▶ **INSTRUCTIONS TO FOLLOW**:
The whole listing below should be retyped exactly, without any images.

▶ **DATA SHOWN**:
------------------------------------------------------------------------
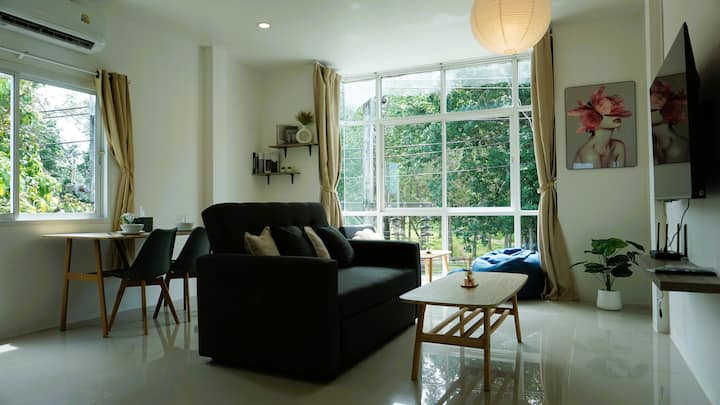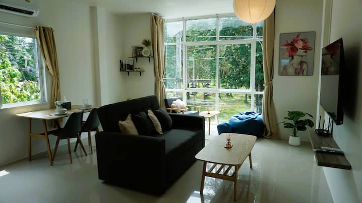 ที่พักสไตล์ราไวย์ที่สว่างไสวพร้อมระเบียงและวิวที่เขียวชอุ่ม
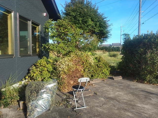 台風が近づいてくるから、雨でも降ったら折角切り落とした枝が濡れてしまう。痛い腰を庇いながら、椅子を出して座りながら、切り出した枝をビニール袋に詰めていきました。昨日は一日蕎麦屋に来なかったから、切った枝の葉は昼の強い陽射しでカラカラに乾いている。それでも、袋に詰めればもう一杯になる分量だつたから、相当切り落としたのでした。家に帰れば食卓には昨日買ってきたヒレカツの卵綴じが美味しそうにテーブルに載っていた。
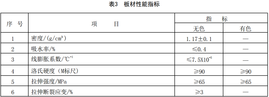 板材长宽平面面积范围内中,板材中不应有大于3mm²的气泡、杂质、裂纹、料结块或其他,对再生原料生产的有机玻璃板材预期应用性能,可能产生不利影响的缺陷。
------------------------------------------------------------------------
▶ **RESULT**:
 ที่พักสไตล์ราไวย์ที่สว่างไสวพร้อมระเบียงและวิวที่เขียวชอุ่ม
 台風が近づいてくるから、雨でも降ったら折角切り落とした枝が濡れてしまう。痛い腰を庇いながら、椅子を出して座りながら、切り出した枝をビニール袋に詰めていきました。昨日は一日蕎麦屋に来なかったから、切った枝の葉は昼の強い陽射しでカラカラに乾いている。それでも、袋に詰めればもう一杯になる分量だつたから、相当切り落としたのでした。家に帰れば食卓には昨日買ってきたヒレカツの卵綴じが美味しそうにテーブルに載っていた。
 板材长宽平面面积范围内中,板材中不应有大于3mm²的气泡、杂质、裂纹、料结块或其他,对再生原料生产的有机玻璃板材预期应用性能,可能产生不利影响的缺陷。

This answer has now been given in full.